● WHAT IS BEING ASKED: Up to and including the line that contains "图说:卫星厅首班航班今天中午登机 新民晚报记者 陈梦泽 摄(下同)", write out every line of the entries exactly, beginning with the first. Omit the pictures.

● EXCERPTED RECORDS:
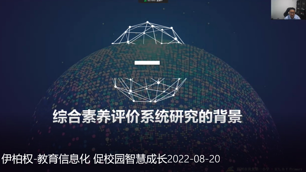 2022年8月19日下午,温州市黄龙第一小学的伊柏权校长通过自身的实践为大家带来《数智赋能管理》专题研讨。针对近年来,教育系统大力推进教育信息化,推进小语数字化建设,伊校长从:综合素养研究系统的背景、创新评价模式、多跨协同开放等多角度何“有方法、有组织、有制度”的推进校园智慧化建设与管理,给予了实际且便于操作的意见。让老师们非常受用!
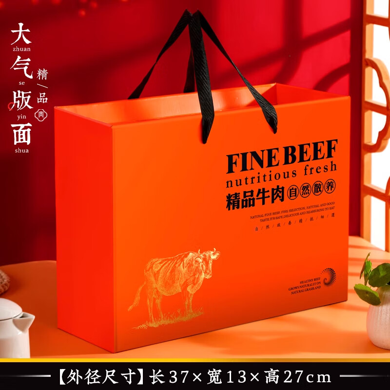 牛羊肉包装礼盒空盒 通用牛肉羊肉礼盒包装盒羊排牛腱礼品包装纸 橙色牛肉中号10个
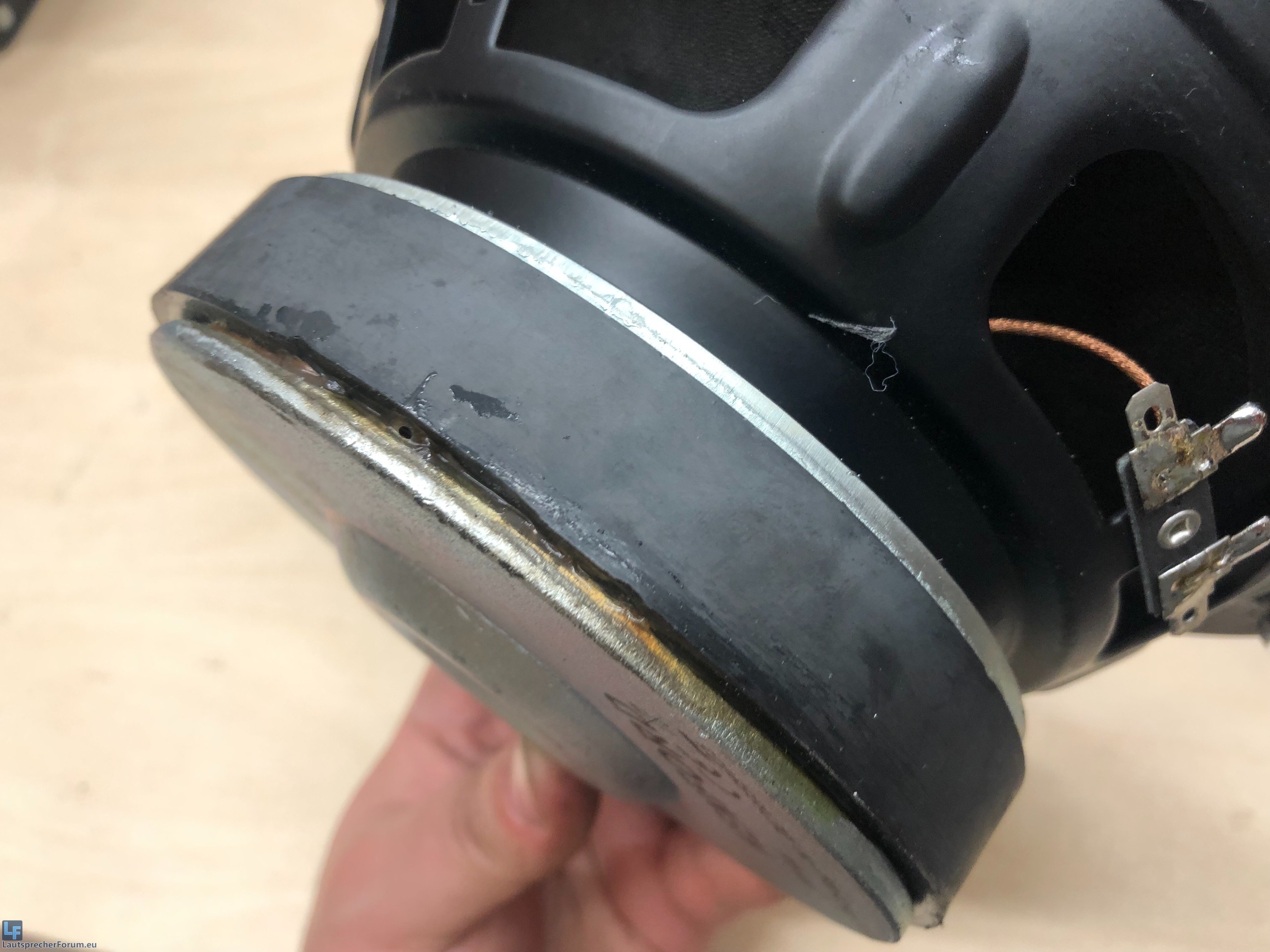somit musste relativ tief getrennt werden. Der Hochtöner wird dafür untenrum angeschubst,
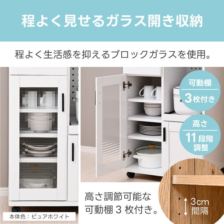 コンパクト キッチンカウンター レンジ台 幅60cm ロータイプ 間仕切り キャスター付き 収納 炊飯器ラック スリム 木製 北欧 ガラス扉 一人暮らし
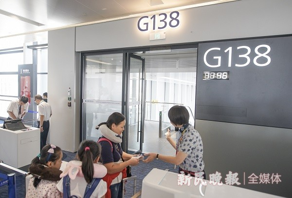 图说:卫星厅首班航班今天中午登机 新民晚报记者 陈梦泽 摄(下同)
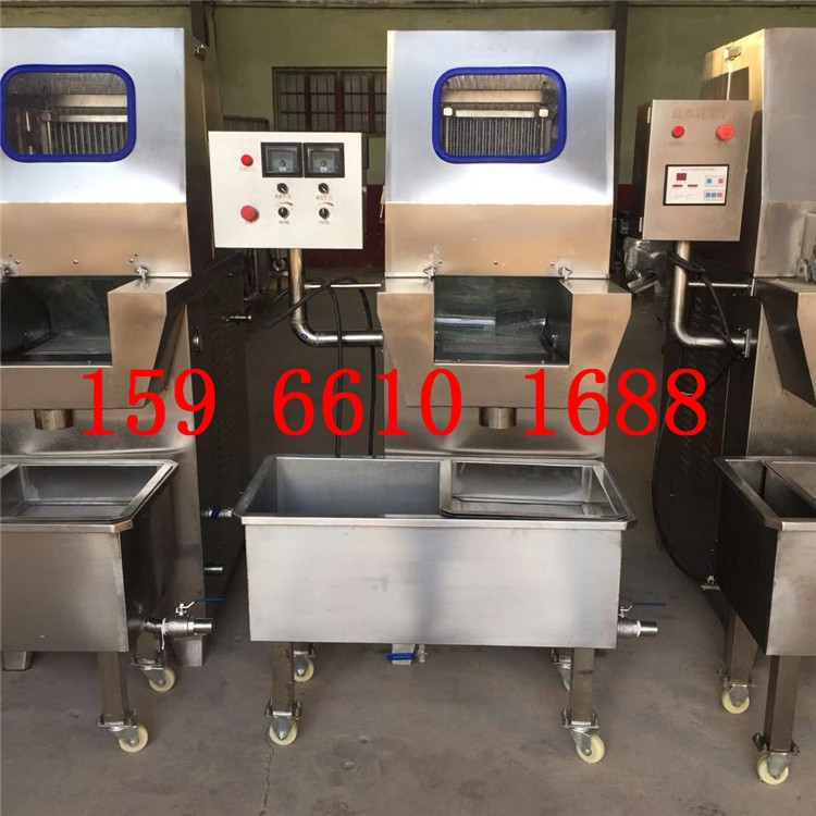 盐水注射机可将盐水及辅料配制的腌制液注入肉块中,再通过真空滚揉使料液充分腌渍,渗透,可疏松肌肉组织结构,有利于肌球蛋白溶出,并且由于添加剂对原料肉离子强度的增强作用和蛋白等特点的调整作用,注入配制的水溶液能使肉质嫩化、松软,从而提高了肉制品的出品率和改善肉制品的嫩度和口感。
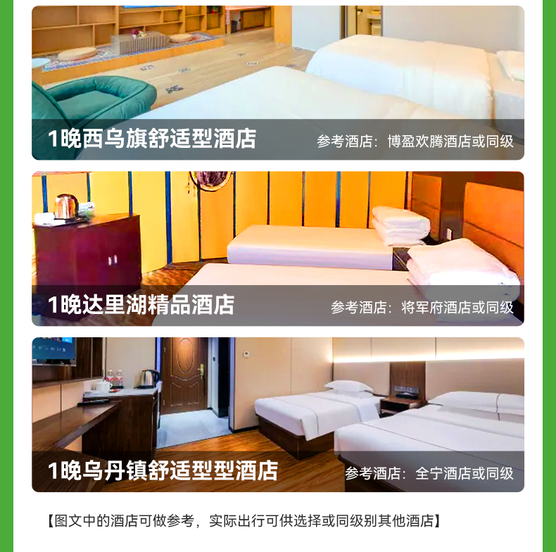 游玩结束,下午乘车前往乌丹镇酒店办理住宿休息(车程约3.5小时)。
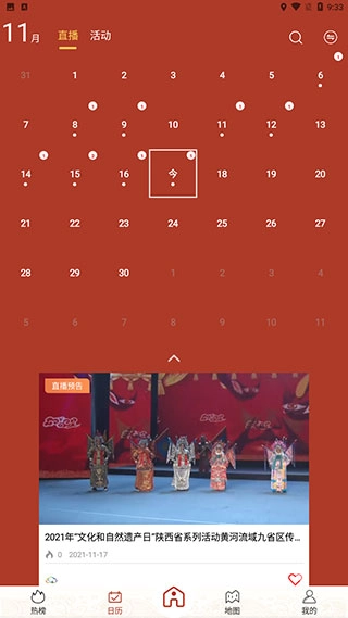 2、然后是软件的日历页,这里显示的是全国的各个文化馆的直播活动的日程表,我们不仅可以查看以前的历史直播记录,也可以看到未来一段时间内的直播预告,方便我们对活动时间做出及时的安排。

● ANSWER TO THIS PROBLEM:
 2022年8月19日下午,温州市黄龙第一小学的伊柏权校长通过自身的实践为大家带来《数智赋能管理》专题研讨。针对近年来,教育系统大力推进教育信息化,推进小语数字化建设,伊校长从:综合素养研究系统的背景、创新评价模式、多跨协同开放等多角度何“有方法、有组织、有制度”的推进校园智慧化建设与管理,给予了实际且便于操作的意见。让老师们非常受用!
 牛羊肉包装礼盒空盒 通用牛肉羊肉礼盒包装盒羊排牛腱礼品包装纸 橙色牛肉中号10个
somit musste relativ tief getrennt werden. Der Hochtöner wird dafür untenrum angeschubst,
 コンパクト キッチンカウンター レンジ台 幅60cm ロータイプ 間仕切り キャスター付き 収納 炊飯器ラック スリム 木製 北欧 ガラス扉 一人暮らし
 图说:卫星厅首班航班今天中午登机 新民晚报记者 陈梦泽 摄(下同)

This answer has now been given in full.